Max Heinritz > Posts

Entity aggregates

An entity aggregate is a set of tightly coupled entities that are updated transactionally. One entity within the aggregate is considered the “aggregate root”. For example, an aggregate may comprise ReceivableInvoice and ReceivableInvoiceLineItem entities, where the former is the root of that aggregate.

Concept from DDD

The concept comes from domain-driven design, described in the DDD reference:

It is difficult to guarantee the consistency of changes to objects in a model with complex associations. Objects are supposed to maintain their own internal consistent state, but they can be blind-sided by changes in other objects that are conceptually constituent parts. Cautious database locking schemes cause multiple users to interfere pointlessly with each other and can make a system unusable. Similar issues arise when distributing objects among multiple servers or designing asynchronous transactions.

Therefore:

Cluster the entities and value objects into aggregates and define boundaries around each. Choose one entity to be the root of each aggregate, and allow external objects to hold references to the root only (references to internal members passed out for use within a single operation only). Define properties and invariants for the aggregate as a whole and give enforcement responsibility to the root or some designated framework mechanism.

Use the same aggregate boundaries to govern transactions and distribution.

Within an aggregate boundary, apply consistency rules synchronously. Across boundaries, handle updates asynchronously.

Eric Evans later clarified his perspective – that when it comes to defining aggregate roots the “external reference holding” is less important than the transaction boundary. For example, it’s not a problem for external systems to hold references to line items even though the receivable invoice is the aggregate root.

Examples

Ruleset and its rules (for digital representation of a contract).
Invoice and its line items.
Shipment and its route.

Ways in which data can be grouped

How we do we decide which data to consider part of a single entity? How do we decide which entities to group together into single aggregate root? It’s a matter of judgment and satisfying business requirements. There are various dimensions along which data can be grouped, described below.

Database table

Typically a single entity is stored in a single database table. For example, a Tenant entity and all its data can be stored in a tenant database table.

But sometimes a single entity is stored in multiple tables. For example, data for a User entity could be stored in the user table as well as role data in a “supplementary” user_role table. The mapping between database tables and entities is done through mappers in the application layer such as dbUserToDto.

Whether to split a single entity into multiple database tables is an engineering implementation consideration. For any given entity, all data could be shoved into JSONB columns on one table if we wanted. Benefits of separate tables: stricter schema, uniqueness constraints, easier analytics access. Benefits of one table: performance, colocation.

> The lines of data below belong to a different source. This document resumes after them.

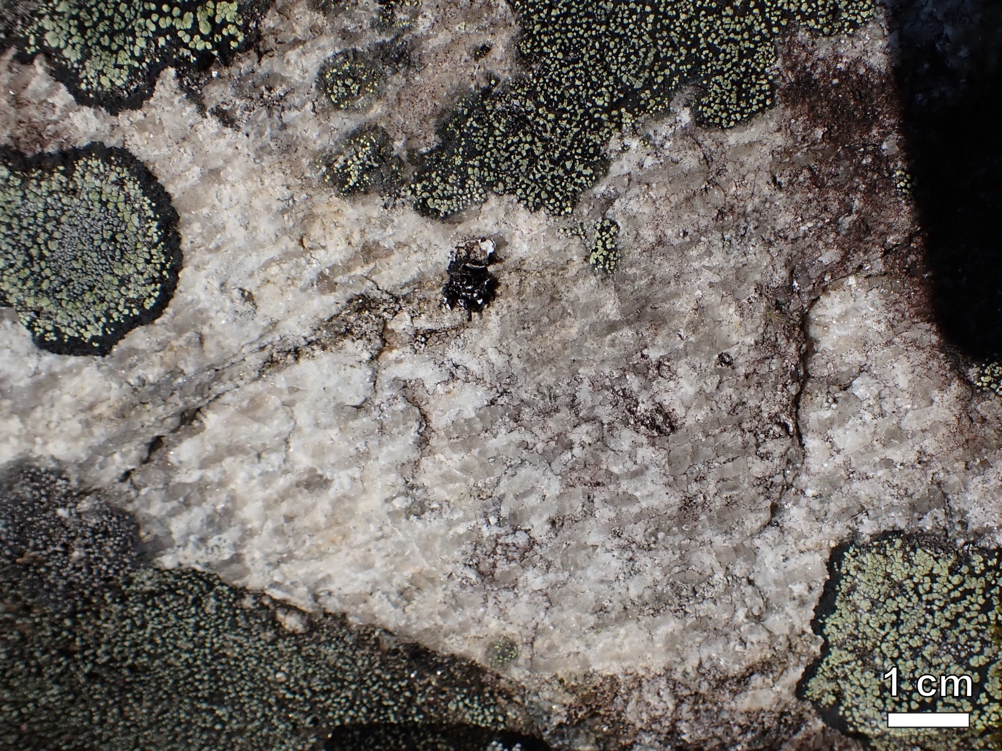 Des clivages de crénulation Sn+1 (affleurements 2018-AB-1053, 2024-ED-4041), dont les plans d’aplatissement sont espacés de ∼1 cm, sont visibles localement. Ils sont orientés ENE-WSW. Des feuillets de biotite définissent les plans de crénulation.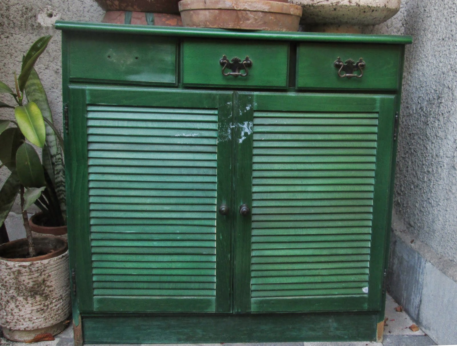 | Ilyen volt, mikor megtaláltuk, aztán a teraszon telelt a szekrényke |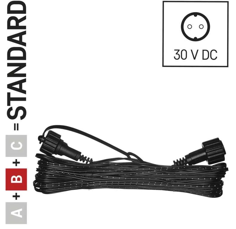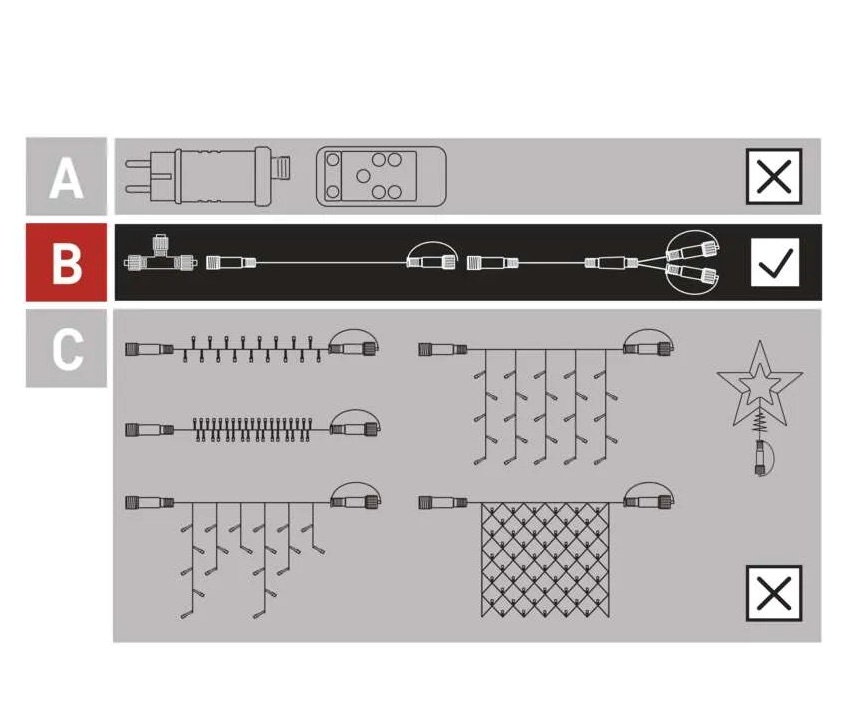 Či už ide o vianočnú výzdobu domu alebo vytvorenie čarovnej atmosféry na svadbách a večierkoch. Spojovacie svietidlá CONNECT SYSTEM vo verziách STANDARD a PROFI ponúkajú nekonečné možnosti zdobenia. Základnými prvkami sú napájacie zdroje (A), predlžovacie káble a rozbočovače (B) a osvetľovacie prvky (C), ktoré možno vzájomne prepojiť a kombinovať. Tento typ osvetlenia je ideálnou voľbou pre veľkolepé vonkajšie dekorácie, kde bežné dĺžky reťazí nepostačujú.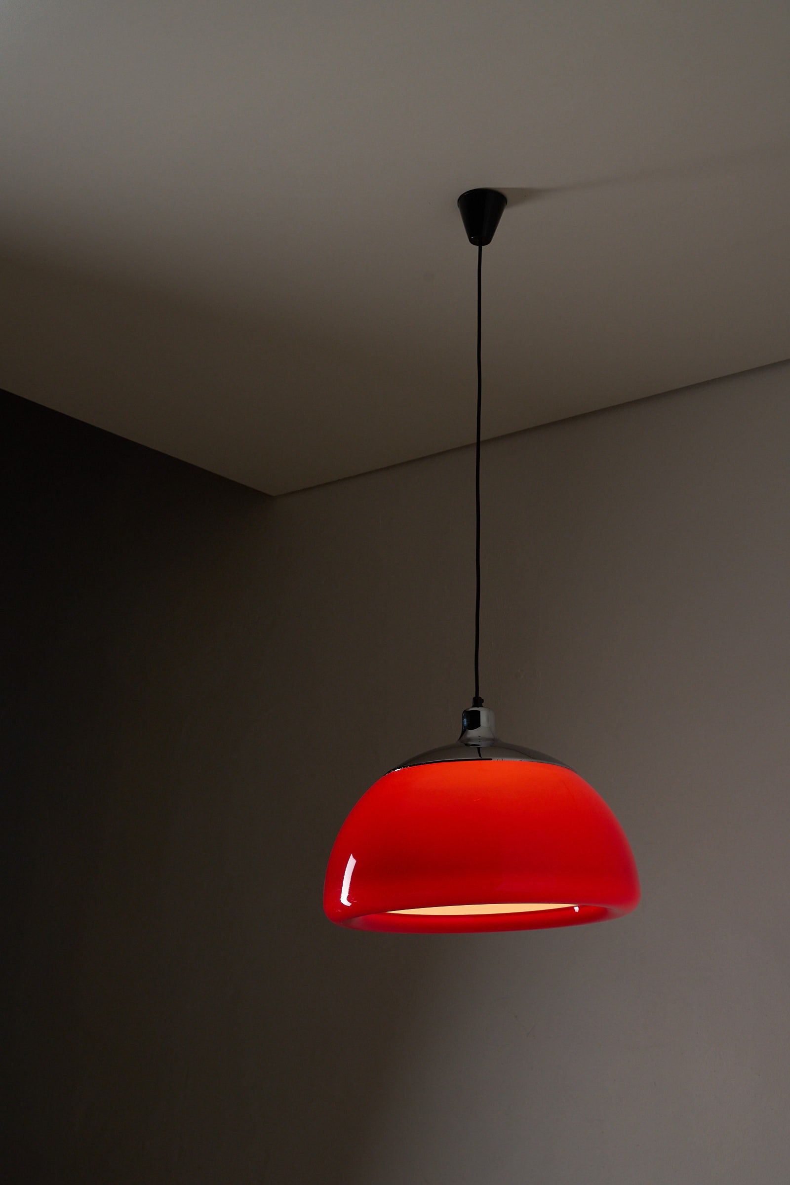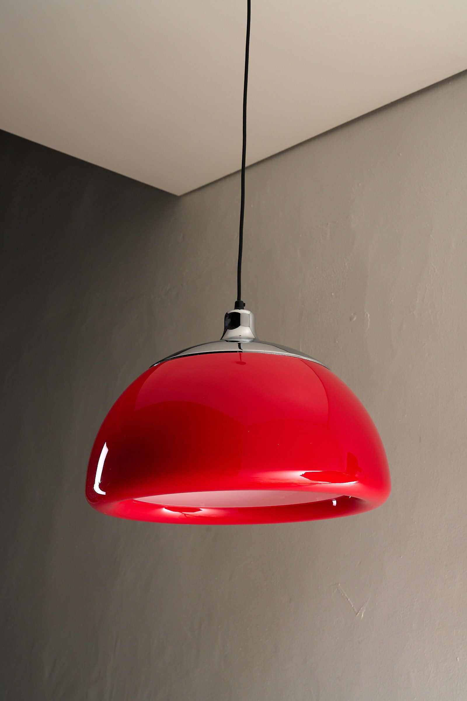 A vibrant Space Age pendant that pairs bold color with sleek modern form.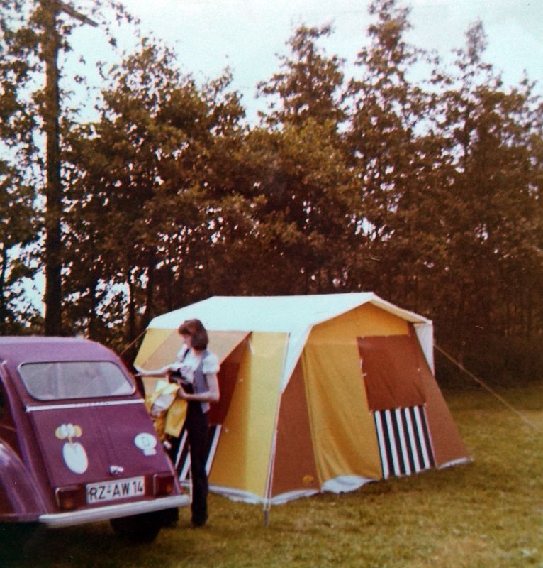 Unser erster Camper. Als Jugendliche waren wir viel mit der Ente 2 CV 6 unter­wegs. Sie war innen mit rot weiß ka­rier­ten Stoff ver­klei­d­et, für kurze Tou­ren kam nur eine Ma­trat­ze hinten rein, für län­ge­re war ein Haus­zelt an Bord!

Database tables should not be queried directly from other domains. Generally service class APIs should be used instead.

Prisma schema file

Using Prisma, we can define Prisma models in separate .prisma files sprinkled throughout the codebase. Generally it is best practice to keep these files narrowly focused on a single domain. Prisma just release preliminary official support for split schemas a few weeks ago, but we’ve been doing it for years with custom tooling called prisma-fuse.

prisma-fuse allows foreign key constraints between models within the same file but not across models in different files, and unlike the official support, it allows colocating Prisma files with domain directories throughout the codebase.

Models that are not aggregates can be part of the same schema file. This allows using foreign key constraints with cascading deletes for related models.

Entity

An entity has:

A single type definition
A single QID, revisionNumber, revisionCreatedAt
A single record in revision history table (a serialized data transfer object JSON blob)

Aggregate

An aggregate has:

A root entity
Shared rootRevisionNumber tracking across child entities, which can be used to reconstruct revision history for the aggregate as a whole
Note: revision history rows do not include the whole aggregate

Over the REST API, the full aggregate is returned by default when the root entity is fetched.

All data within the aggregate can be queried in full directly from other domains for batch data loading. Root entities like shipment and receivable invoice can be queried as an “entity” in isolation, without fetching the whole aggregate.